Institutional review committees of the Helsinki University Hospital, Helsinki, Finland, and Sahlgrenska University Hospital, Gothenburg, Sweden, approved the current study. The patients who participated in the SSGXVIII/AIO trial provided written informed consent for the study.

Immunohistochemistry and mutation analysis

Tissue microarrays were constructed from representative parts of the formalin-fixed paraffin-embedded tumour tissues using either a 0.7 mm diameter needle (the western Sweden series) or a 1 mm diameter needle (the SSGXVIII/AIO series). SLUG expression was evaluated using immunohistochemistry in 5 μm thick tissue microarray sections. Before staining, endogenous peroxidase activity was blocked by incubating deparaffinized tissue in hydrogen peroxidase, and antigen retrieval was performed using sodium citrate (10 mmol l−1, pH 6.0) in an autoclave (at 120 °C for 2 min). The anti-SLUG antibody (dilution 1 : 50; clone C19G7, Cell Signaling Technology, Danvers, MA, USA) was diluted in a Normal antibody Diluent (Immunologic, Duiven, The Netherlands), and incubated on slides at +4 °C overnight. Binding of the primary antibody was detected and visualized by using the N-Histofine Simple Stain MAX PO (R) kit (Nichirei Biosciences Inc, Tokyo, Japan) and 3,3′-diaminobenzidine (ImmPACT DAB, Vector Laboratories, Burlingame, CA, USA) following the manufacturer's recommendations. The slides were counterstained with Mayerś hematoxylin. Histologically normal kidney tubule cells served as a positive control and kidney glomerular cells as a negative control for the staining. The samples were considered positive for SLUG expression when nuclear and/or cytoplasmic staining was present in >20% of the tumour cells. The immunostainings were analysed blinded without knowledge of the clinical or histopathological data.
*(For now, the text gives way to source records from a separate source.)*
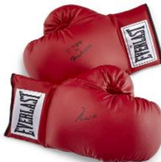
LOT 259 A PAIR OF BOXING GLOVES AUTOGRAPHED BY MUHAMMAD ALI $1,500-2,000
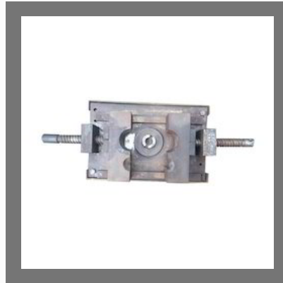
Gravity Die Mould Casting
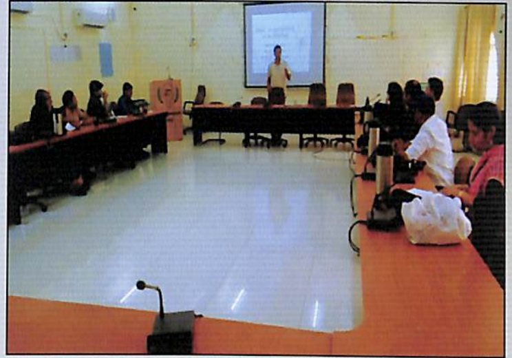
लेखा परीक्षा प्रक्रिया, लेखा प्रक्रिया और वित्तीय विवरण पर प्रशिक्षण कार्यक्रम का एक दृश्य

संस्थान सहकारी विभाग के लेखा परीक्षकों हेतु लेखा परीक्षा प्रक्रिया, लेखा प्रक्रिया और वित्तीय विवरण पर दिनांक 26 से 28 अप्रैल, 2022 प्रशिक्षण कार्यक्रम आयोजित किया गया। इस प्रशिक्षण कार्यक्रम में सहकारी विभाग के 16 लेखा परीक्षकों ने भाग लेकर सफलापूर्वक प्रशिक्षण प्राप्त किया।

KIT-positivity and mutation status of the GIST samples was verified by immunohistochemistry (rabbit polyclonal CD117-antibody, code A4502, Dako, Glostrup, Denmark) and using PCR and bidirectional sequencing as described elsewhere (Nilsson ; Andersson ; Wardelmann ).

Cell lines and transfection

Two human GIST cell lines were kindly provided by Dr Jonathan A Fletcher (Harvard Medical School, Boston, Massachusetts, USA). GIST882 harbors a homozygous missense mutation in KIT exon 13 encoding a Lys642Glu (K642E) mutant oncoprotein (Tuveson ). GIST48 was obtained from a patient whose GIST progressed on imatinib therapy, and harbors a KIT exon 11 V560D missense mutation leading to p.Val560Asp and a secondary exon 17 (kinase activation loop) missense mutation D820A leading to p.Asp820Ala (Bauer ). The authenticity of the cell lines was confirmed by sequencing. Cells were cultured in a humidified 5% CO2 atmosphere at 37 °C in the RPMI 1640 medium (GIBCO, CA, USA), supplemented with 20% fetal bovine serum with 2% penicillin/streptomycin (GIBCO).
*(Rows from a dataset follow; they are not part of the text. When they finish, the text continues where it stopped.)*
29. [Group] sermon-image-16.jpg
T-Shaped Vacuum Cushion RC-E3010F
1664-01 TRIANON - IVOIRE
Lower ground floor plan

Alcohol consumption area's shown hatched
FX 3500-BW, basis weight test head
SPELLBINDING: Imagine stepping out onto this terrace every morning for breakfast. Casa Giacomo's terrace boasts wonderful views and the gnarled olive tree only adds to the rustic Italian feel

GIST882 and GIST48 cells were transfected using the Lipofectamine 2000 Transfection Reagent (Invitrogen, Carlsbad, CA, USA). The cells were serum starved for 6 h before transfection in an Opti-MEM Reduced Serum Medium (GIBCO). The transfections were done according to the manufacturer's instructions adding 5 pM of siRNAs onto the cells. Transfections were done with an ON-TARGET plus Human KIT siRNA and an ON-TARGET plus Human SNAI2 (SLUG) siRNAs, which are pools of target-specific siRNAs (Thermo Scientific Dharmacon, Rockford, IL, USA). The ON-Target plus Non-Targeting Pool (Thermo Scientific Dharmacon) was used as a negative control. Imatinib mesylate was purchased from Cayman chemicals (Ann Arbor, MI, USA).

Cell proliferation and cell death assays

GIST cell proliferation was studied with the 3-(4,5-dimethylthiazol-2-yl)-2,5-diphenyltetrazolium bromide (MTT) assay (Roche Diagnostics, Indianapolis, IN, USA). For the assay, GIST882 cells were plated at a density of 10 000 cells per well and GIST48 cells at a density of 15 000 cells per well in 96-well plates. The assays were performed thrice, using eight replicate wells at each time point. Cell proliferation was analysed after adding 10 μl of the MTT reagent into each well and incubation at 37 °C for 4 h, after which the solubilization solution was added and the cells were incubated at 37 °C overnight. The plates were analysed with a Multiscan EX Microplate photometer (Thermo Scientific, Rockford, IL, USA) at the wavelength of 540 nm.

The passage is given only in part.